Elevating NPY-ergic activity increases food intake.
The effects of NPYergic activity on food intake is also demonstrated by the blockade of certain NPY receptors, which decreases food intake.
It is suggested NPY is a significant predictor in weight regain after weight loss to maintain old levels of energy storage.
High levels of glucocorticosteroids causes an increase of NPY by directly activating type II glucocorticosteroids receptors and, indirectly, by abolishing the negative feedback of corticotropin-releasing factor (CRF) on NPY synthesis and release.
Obesity-induced insulin resistance and the mutation of the leptin receptor results in the abolition of inhibition of NPYergic activity and ultimately food intake via other negative feedback mechanisms to regulate them.
Neuropeptide Y can be used as a biosensor in early detection of childhood obesity.
NPY neurons have been shown to interact with dopaminergic reward and emotion pathways in the nucleus accumbens and amygdala, respectively.
NPY expression levels and alcohol preference have been shown to exhibit an inverse relationship.
NPY’s anxiolytic effects are a possible therapeutic drug target for alcoholism.
Administration of neuropeptide Y was found to reduce binge-drinking behavior.
Neuropeptide Y is an anxiolytic endogenous peptide and its levels can be modulated by stress.

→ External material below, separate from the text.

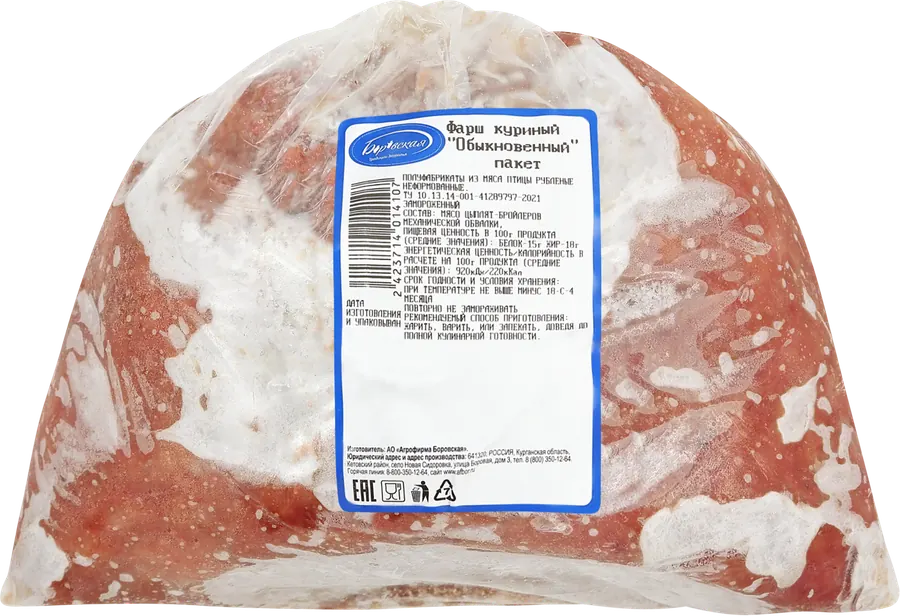 Фарш куриный замороженный АГРОФИРМА БОРОВСКАЯ Обыкновенный, весовой идеально подходит для домашних котлет, биточков, тефтелей, зраз и мясных запеканок. Фарш можно использовать для приготовления холодных и горячих закусок, а также его обжаривают на сковороде с луком и морковью или тушат в мультиварке с рисом, грибами или картофелем. Состав: мясо куриное механической обвалки, дату/время изготовления см. на доп.стикере или листке-вкладыше.

NPY is connections to the HPA axis and is necessary for stress modulation.
Higher levels of Y receptors in the amygdala result in reduced level of anxiety.
Y receptors has been linked to anxiolytic effects in the forebrain and pons.

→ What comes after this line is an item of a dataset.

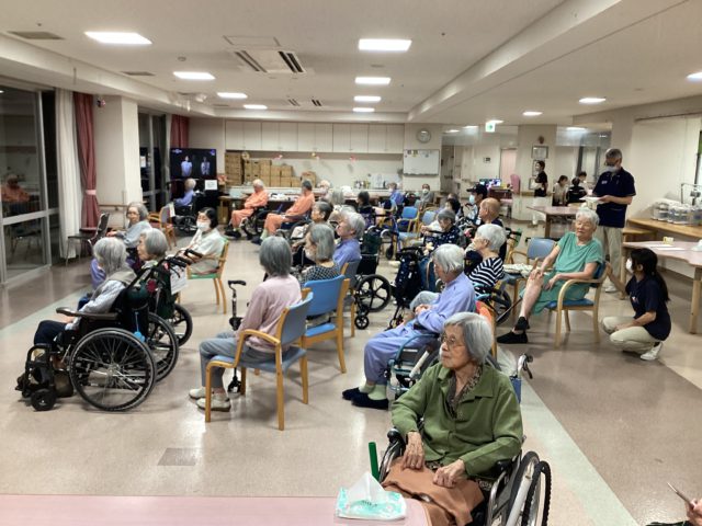 老健からは如意ヶ嶽の大文字が近く、間近で送り火の迫力を感じることが出来ます。ここ数年はコロナ渦の為、利用者様と職員のみで鑑賞していましたが今年からは数名ですが家人様もご一緒に鑑賞されています。鑑賞前は小雨が降り、心配していましたが無事に灯がともり、家人様と共に穏やかな表情で年1回の行事をとても楽しく過ごされておられました。利用者様からは「夏の風物詩やね」、「1年ほんま早いわ」等の声か聞かれました。

Conversely, higher levels of NPY may be associated with resilience against and recovery from posttraumatic stress disorder and with dampening the fear response, allowing individuals to perform better under extreme stress.
Studies of mice and monkeys show that repeated stress—and a high-fat, high-sugar diet—stimulate the release of neuropeptide Y, causing fat to build up in the abdomen.